[Data entries]
━━━━━━━━
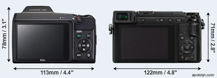 | Screen Specs | Nikon L840 | Panasonic GX80 |
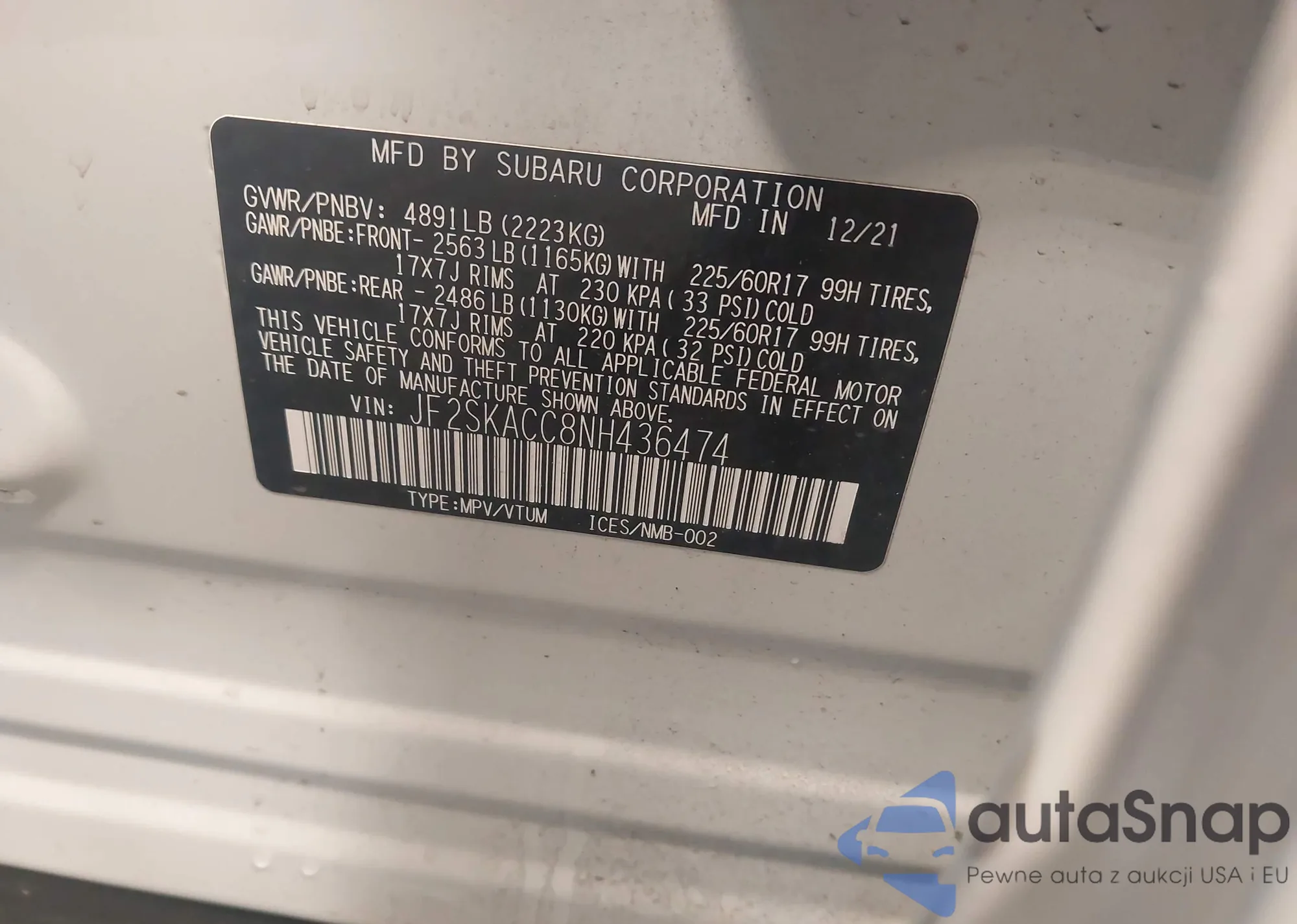 • VIN JF2SKACC8NH436474
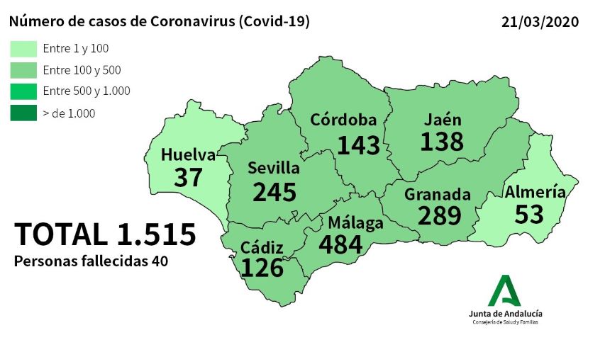 La Consejería de Salud y Familias informa que se han confirmado en Andalucía 228 nuevos casos de Coronavirus en las últimas horas. Así, el número total de afectados en Andalucía asciende a 1515.
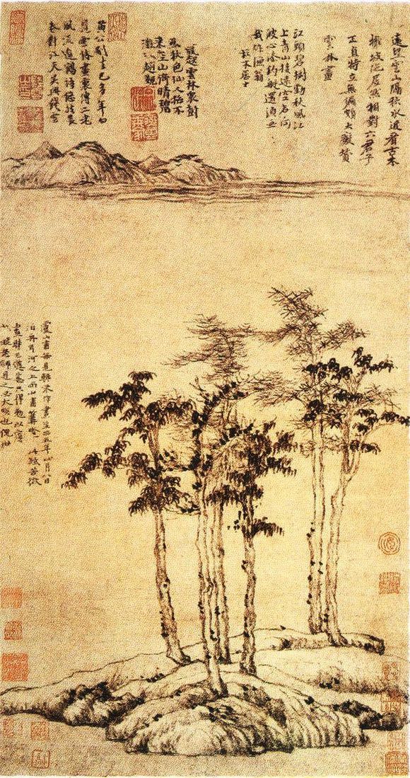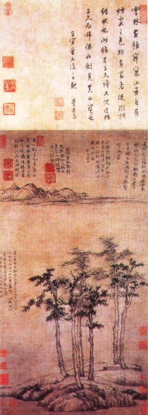 倪瓒以树喻君子,表达了作者对君子“正直特立”高风的崇尚。这正是宋元以来文人绘画借物寓志的一大特色。倪瓒好画墨竹,有人指责他画的竹似麻,似芦,他自解:“余之竹聊写胸中逸气耳,岂复较其似与非?”在《答张藻仲书》中更是明确地阐述:“仆之所谓画者,不过逸笔草草,不求形似,聊以自娱耳?!闭馕抟煨媪宋娜嘶婊淖谥迹阂环矫妫娜私榛馊谌牖?,使绘画不再是现实的简单再现,而是寄托了人们希望的理想世界;而另一方面,文人又将绘画划定为仅供个人娱乐的笔墨游戏。以枯而见润的简练笔墨,营造了湖光山色荒凉空寂的意境:近则秋树稀疏萧瑟,远则山峦绵延横亘,其水面空阔冷清,画上有多人题诗。
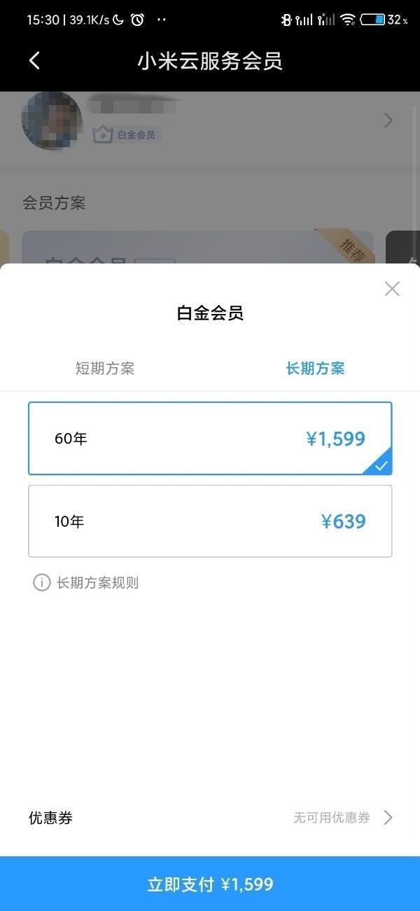 日前,有眼见的网友发现,小米云服务会员上新了会员方案,并且这一服务可持续长达 60 年!
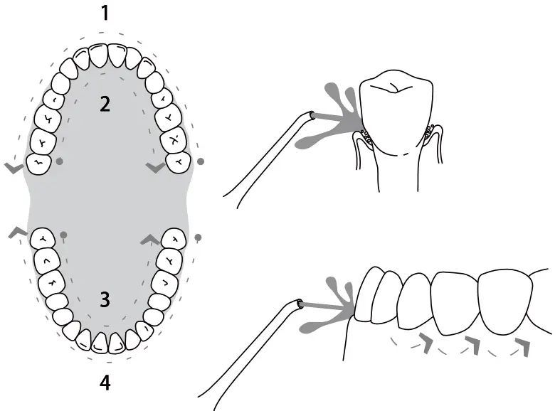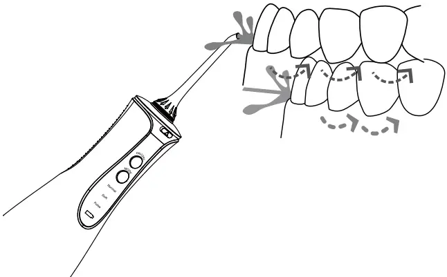 When the water flow and the gums are at a 90 degree angle, slightly close your mouth in order to avoid the water spraying out. In order to achieve the best results. Please start from molar area to the incisors. Slide the water flow along the gums, as well as stay a while between teeth, until the area around the gums and the spaces between the teeth are fully cleaned.
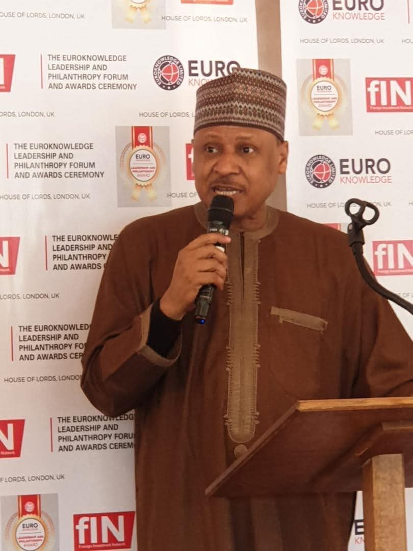 Photo: Minister of Information and National Orientation, Mohammed Idris, delivering an address at the Renewed Hope Global Dialogue in London, United Kingdom, on Saturday
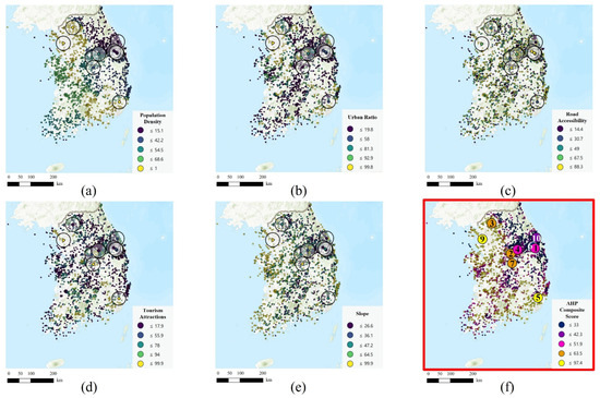 Normalized indicator scores and overall composite score for South Korea. (a) Population density, (b) urban ratio, (c) road accessibility, (d) tourist attractions, (e) slope, and (f) overall composite score map and locations of the ten selected restored mine sites (1–10).
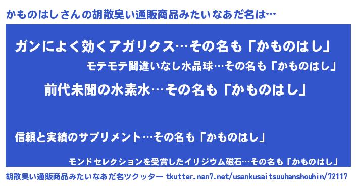 | 意味不明あだ名 | 『永久保存かものはし』『自称かものはし』 |
━━━━━━━━
Required work = What you should return is the exact text of every line from the top of the entries through the line with "日前,有眼见的网友发现,小米云服务会员上新了会员方案,并且这一服务可持续长达 60 年!", pictures removed.

Your solution =
 | Screen Specs | Nikon L840 | Panasonic GX80 |
 • VIN JF2SKACC8NH436474
 La Consejería de Salud y Familias informa que se han confirmado en Andalucía 228 nuevos casos de Coronavirus en las últimas horas. Así, el número total de afectados en Andalucía asciende a 1515.
 倪瓒以树喻君子,表达了作者对君子“正直特立”高风的崇尚。这正是宋元以来文人绘画借物寓志的一大特色。倪瓒好画墨竹,有人指责他画的竹似麻,似芦,他自解:“余之竹聊写胸中逸气耳,岂复较其似与非?”在《答张藻仲书》中更是明确地阐述:“仆之所谓画者,不过逸笔草草,不求形似,聊以自娱耳?!闭馕抟煨媪宋娜嘶婊淖谥迹阂环矫妫娜私榛馊谌牖?,使绘画不再是现实的简单再现,而是寄托了人们希望的理想世界;而另一方面,文人又将绘画划定为仅供个人娱乐的笔墨游戏。以枯而见润的简练笔墨,营造了湖光山色荒凉空寂的意境:近则秋树稀疏萧瑟,远则山峦绵延横亘,其水面空阔冷清,画上有多人题诗。
 日前,有眼见的网友发现,小米云服务会员上新了会员方案,并且这一服务可持续长达 60 年!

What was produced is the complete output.